## [WHAT TO WORK ON]
In your answer, every line of the records should be written out exactly.
(DATA SHOWN Opens)
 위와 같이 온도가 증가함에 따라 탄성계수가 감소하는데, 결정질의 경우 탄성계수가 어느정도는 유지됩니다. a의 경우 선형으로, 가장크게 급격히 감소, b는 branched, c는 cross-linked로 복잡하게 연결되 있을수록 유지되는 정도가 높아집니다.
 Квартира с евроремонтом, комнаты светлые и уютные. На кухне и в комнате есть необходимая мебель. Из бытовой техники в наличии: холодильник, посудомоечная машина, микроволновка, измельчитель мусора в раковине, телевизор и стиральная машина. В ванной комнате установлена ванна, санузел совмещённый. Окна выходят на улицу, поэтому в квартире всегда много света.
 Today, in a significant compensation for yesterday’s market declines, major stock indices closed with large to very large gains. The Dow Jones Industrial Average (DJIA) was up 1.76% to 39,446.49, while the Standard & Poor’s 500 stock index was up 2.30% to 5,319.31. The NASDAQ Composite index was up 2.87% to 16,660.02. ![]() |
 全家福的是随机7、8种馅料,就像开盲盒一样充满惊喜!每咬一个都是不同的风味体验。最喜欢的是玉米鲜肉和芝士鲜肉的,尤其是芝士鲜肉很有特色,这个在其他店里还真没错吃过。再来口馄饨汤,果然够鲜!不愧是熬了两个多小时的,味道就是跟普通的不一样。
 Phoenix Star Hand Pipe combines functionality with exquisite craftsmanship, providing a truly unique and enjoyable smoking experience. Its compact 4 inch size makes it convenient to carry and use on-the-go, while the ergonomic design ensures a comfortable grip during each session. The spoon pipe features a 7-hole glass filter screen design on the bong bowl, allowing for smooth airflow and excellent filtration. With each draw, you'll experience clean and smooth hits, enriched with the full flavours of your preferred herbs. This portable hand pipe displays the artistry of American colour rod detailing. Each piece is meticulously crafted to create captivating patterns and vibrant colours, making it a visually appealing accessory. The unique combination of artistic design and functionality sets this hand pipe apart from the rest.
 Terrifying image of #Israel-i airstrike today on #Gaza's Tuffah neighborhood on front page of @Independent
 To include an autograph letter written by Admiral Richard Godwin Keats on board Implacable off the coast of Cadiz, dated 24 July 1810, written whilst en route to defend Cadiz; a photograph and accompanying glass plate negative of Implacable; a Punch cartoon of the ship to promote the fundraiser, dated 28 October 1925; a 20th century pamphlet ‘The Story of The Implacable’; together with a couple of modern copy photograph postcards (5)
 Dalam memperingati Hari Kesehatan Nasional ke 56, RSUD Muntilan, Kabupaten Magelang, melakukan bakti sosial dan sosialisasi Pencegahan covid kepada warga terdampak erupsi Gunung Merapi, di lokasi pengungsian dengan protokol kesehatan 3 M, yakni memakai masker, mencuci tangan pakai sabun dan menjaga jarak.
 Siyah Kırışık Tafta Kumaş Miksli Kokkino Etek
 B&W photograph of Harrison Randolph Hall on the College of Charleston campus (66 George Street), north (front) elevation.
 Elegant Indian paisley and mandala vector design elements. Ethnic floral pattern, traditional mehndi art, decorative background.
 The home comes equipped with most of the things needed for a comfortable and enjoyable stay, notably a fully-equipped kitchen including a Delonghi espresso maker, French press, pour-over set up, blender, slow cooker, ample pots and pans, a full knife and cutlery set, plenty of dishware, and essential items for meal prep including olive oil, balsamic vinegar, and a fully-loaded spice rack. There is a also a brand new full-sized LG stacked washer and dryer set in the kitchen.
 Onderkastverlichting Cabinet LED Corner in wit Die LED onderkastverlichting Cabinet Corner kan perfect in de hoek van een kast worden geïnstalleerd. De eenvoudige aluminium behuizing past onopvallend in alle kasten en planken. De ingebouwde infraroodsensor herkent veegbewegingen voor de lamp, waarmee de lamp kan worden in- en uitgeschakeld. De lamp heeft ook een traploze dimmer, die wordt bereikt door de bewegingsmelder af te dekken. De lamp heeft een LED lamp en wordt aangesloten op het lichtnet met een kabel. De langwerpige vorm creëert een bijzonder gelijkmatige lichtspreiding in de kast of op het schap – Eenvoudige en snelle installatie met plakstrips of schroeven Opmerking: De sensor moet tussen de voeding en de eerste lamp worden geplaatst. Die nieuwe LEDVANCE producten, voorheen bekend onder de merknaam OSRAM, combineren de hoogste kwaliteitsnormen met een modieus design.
(DATA SHOWN Closes)
## [EXERCISE OUTPUT]
 위와 같이 온도가 증가함에 따라 탄성계수가 감소하는데, 결정질의 경우 탄성계수가 어느정도는 유지됩니다. a의 경우 선형으로, 가장크게 급격히 감소, b는 branched, c는 cross-linked로 복잡하게 연결되 있을수록 유지되는 정도가 높아집니다.
 Квартира с евроремонтом, комнаты светлые и уютные. На кухне и в комнате есть необходимая мебель. Из бытовой техники в наличии: холодильник, посудомоечная машина, микроволновка, измельчитель мусора в раковине, телевизор и стиральная машина. В ванной комнате установлена ванна, санузел совмещённый. Окна выходят на улицу, поэтому в квартире всегда много света.
 Today, in a significant compensation for yesterday’s market declines, major stock indices closed with large to very large gains. The Dow Jones Industrial Average (DJIA) was up 1.76% to 39,446.49, while the Standard & Poor’s 500 stock index was up 2.30% to 5,319.31. The NASDAQ Composite index was up 2.87% to 16,660.02. ![]() |
 全家福的是随机7、8种馅料,就像开盲盒一样充满惊喜!每咬一个都是不同的风味体验。最喜欢的是玉米鲜肉和芝士鲜肉的,尤其是芝士鲜肉很有特色,这个在其他店里还真没错吃过。再来口馄饨汤,果然够鲜!不愧是熬了两个多小时的,味道就是跟普通的不一样。
 Phoenix Star Hand Pipe combines functionality with exquisite craftsmanship, providing a truly unique and enjoyable smoking experience. Its compact 4 inch size makes it convenient to carry and use on-the-go, while the ergonomic design ensures a comfortable grip during each session. The spoon pipe features a 7-hole glass filter screen design on the bong bowl, allowing for smooth airflow and excellent filtration. With each draw, you'll experience clean and smooth hits, enriched with the full flavours of your preferred herbs. This portable hand pipe displays the artistry of American colour rod detailing. Each piece is meticulously crafted to create captivating patterns and vibrant colours, making it a visually appealing accessory. The unique combination of artistic design and functionality sets this hand pipe apart from the rest.
 Terrifying image of #Israel-i airstrike today on #Gaza's Tuffah neighborhood on front page of @Independent
 To include an autograph letter written by Admiral Richard Godwin Keats on board Implacable off the coast of Cadiz, dated 24 July 1810, written whilst en route to defend Cadiz; a photograph and accompanying glass plate negative of Implacable; a Punch cartoon of the ship to promote the fundraiser, dated 28 October 1925; a 20th century pamphlet ‘The Story of The Implacable’; together with a couple of modern copy photograph postcards (5)
 Dalam memperingati Hari Kesehatan Nasional ke 56, RSUD Muntilan, Kabupaten Magelang, melakukan bakti sosial dan sosialisasi Pencegahan covid kepada warga terdampak erupsi Gunung Merapi, di lokasi pengungsian dengan protokol kesehatan 3 M, yakni memakai masker, mencuci tangan pakai sabun dan menjaga jarak.
 Siyah Kırışık Tafta Kumaş Miksli Kokkino Etek
 B&W photograph of Harrison Randolph Hall on the College of Charleston campus (66 George Street), north (front) elevation.
 Elegant Indian paisley and mandala vector design elements. Ethnic floral pattern, traditional mehndi art, decorative background.
 The home comes equipped with most of the things needed for a comfortable and enjoyable stay, notably a fully-equipped kitchen including a Delonghi espresso maker, French press, pour-over set up, blender, slow cooker, ample pots and pans, a full knife and cutlery set, plenty of dishware, and essential items for meal prep including olive oil, balsamic vinegar, and a fully-loaded spice rack. There is a also a brand new full-sized LG stacked washer and dryer set in the kitchen.
 Onderkastverlichting Cabinet LED Corner in wit Die LED onderkastverlichting Cabinet Corner kan perfect in de hoek van een kast worden geïnstalleerd. De eenvoudige aluminium behuizing past onopvallend in alle kasten en planken. De ingebouwde infraroodsensor herkent veegbewegingen voor de lamp, waarmee de lamp kan worden in- en uitgeschakeld. De lamp heeft ook een traploze dimmer, die wordt bereikt door de bewegingsmelder af te dekken. De lamp heeft een LED lamp en wordt aangesloten op het lichtnet met een kabel. De langwerpige vorm creëert een bijzonder gelijkmatige lichtspreiding in de kast of op het schap – Eenvoudige en snelle installatie met plakstrips of schroeven Opmerking: De sensor moet tussen de voeding en de eerste lamp worden geplaatst. Die nieuwe LEDVANCE producten, voorheen bekend onder de merknaam OSRAM, combineren de hoogste kwaliteitsnormen met een modieus design.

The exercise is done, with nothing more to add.